Baseline Testing Path

  1. Run T1 to establish surface-isolated behavioral baseline
  2. Run T2 to isolate workspace effect against T1
  3. Run T3 for ground truth retrieval measurements, verify T1
  4. Run T4 to isolate surface effect on raw retrieval, verify T2
  5. Run each test a minimum of 5 times per track to capture variance
Test IDs Purpose Key Question
BL-1
BL-2
Baseline truncation threshold
on small pages
What is the T1 vs T2 surface delta?
SC-2 Code blocks,
API documentation
How does the web toolchain handle code structure?
OP-1 Fragment identifier
navigation
Does Codex jump to a specific section via URL fragment?
OP-4 Auto-chunking above
the BL-3 ceiling
Does the agent fetch with multi-step tool chains?
BL-3 Hard ceiling What is the absolute output limit across retrieval runs?
SC-1
SC-3
SC-4
Structured content Does truncation respect Markdown boundaries?
EC-1
EC-3
EC-6
Edge cases What are the failure modes and workspace substitution edge behaviors?

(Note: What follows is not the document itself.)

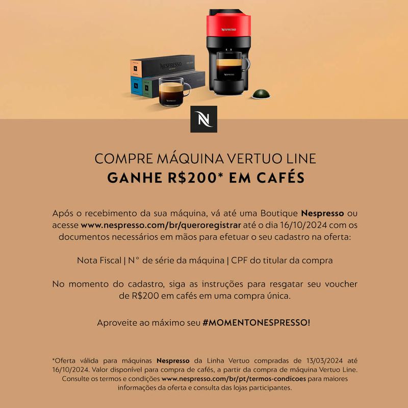 O sistema Vertuo Next leva toda a gama de estilos de café Nespresso ainda mais longe. Se você quer uma xícara de café pela manhã, um espresso depois do almoço ou um Gran Lungo à tarde, a nova Máquina do Sistema Vertuo cuida disso para você. Levando sua experiência de café a outro patamar, essa máquina abrange toda a gama de estilos com até quatro medidas de xícaras, tudo a um único toque de um botão. Com um novo sistema de extração por infusão e centrifugação, chamada de tecnologia Centrifusion , a Vertuo Next lê o código de barras integrado em cada cápsula para extrair exatamente a medida ideal daquele café. A cápsula se ajusta e gira em uma velocidade muito alta em um método único para extrair os tesouros escondidos em cada cápsula. Com a Vertuo Next, essa extração em 2 fases (infusão + centrifugação) permite à Nespresso modular a temperatura e quantidade de água ideal para produzir um crema que é a marca registrada da Nespresso e trazer um resultado extraordinário, independente da medida da sua xícara. Essa máquina possui detalhes cromados que se adaptam a qualquer ambiente e pensando em seu propósito sustentável, ela foi produzida com 54% de plástico reciclado. Para ir mais longe, a máquina possui conectividade via Wi Fi e Bluetooth para atualizar seu software e oferecer a você uma experiência contínua.

Rename raw output files to capture variance across runs; if results are consistent, remove files to prevent test contamination between runs


Analyzing Results

Examine hypothesis matching, surface-workspace effects, perception gap, and truncation analysis:

# Single track: full analysis or summary
python analyze.py --csv results/codex_interpreted/results.csv --summary
python analyze.py --csv results/codex_raw/results.csv --full

# Filter by track
python analyze.py --csv results/codex_interpreted/results.csv --track t1_codex_interpreted

# Compare interpreted tracks, T1 vs T2, isolates workspace effect
python analyze.py \
   --csv results/codex_interpreted/results.csv \
         results/vscode_codex_interpreted/results.csv --full

# Compare raw tracks, T3 vs T4, isolates surface effect on retrieval ceiling
python analyze.py \
   --csv results/codex_raw/results.csv \
         results/vscode_codex_raw/results.csv --full

# Compare all four tracks
python analyze.py \
   --csv results/codex_interpreted/results.csv \
         results/vscode_codex_interpreted/results.csv \
         results/codex_raw/results.csv \
         results/vscode_codex_raw/results.csv --full

Provide the full relative path including subdirectory - results/codex_interpreted/results.csv


Generating Summary Templates

Generate pre-structured Markdown summary templates to fill in after each test series:

# Single test, single track
python template.py --test BL-1 --track codex_raw

# All four tracks for a single test
python template.py --test BL-1 --all-tracks

# All tests for a single track
python template.py --track codex_raw --all-tests

# All 48 combinations
python template.py --all-tests --all-tracks

# Regenerate a template after changes to `TEST_URLS` or `TRACKS`
python template.py --test BL-1 --track codex_raw --overwrite

# Preview without writing a file
python template.py --test BL-1 --track codex_raw --preview

Templates written to summaries/{track}/{test_id}_summary.md. Each template pre-populates the test conditions table, run results table with track-appropriate columns, H1H5 hypothesis sections with verdict placeholders, an emergent findings scaffold, and a log label summary table. Verdict reasoning, emergent findings prose, and log labels left as <!-- TODO --> placeholders for human completion.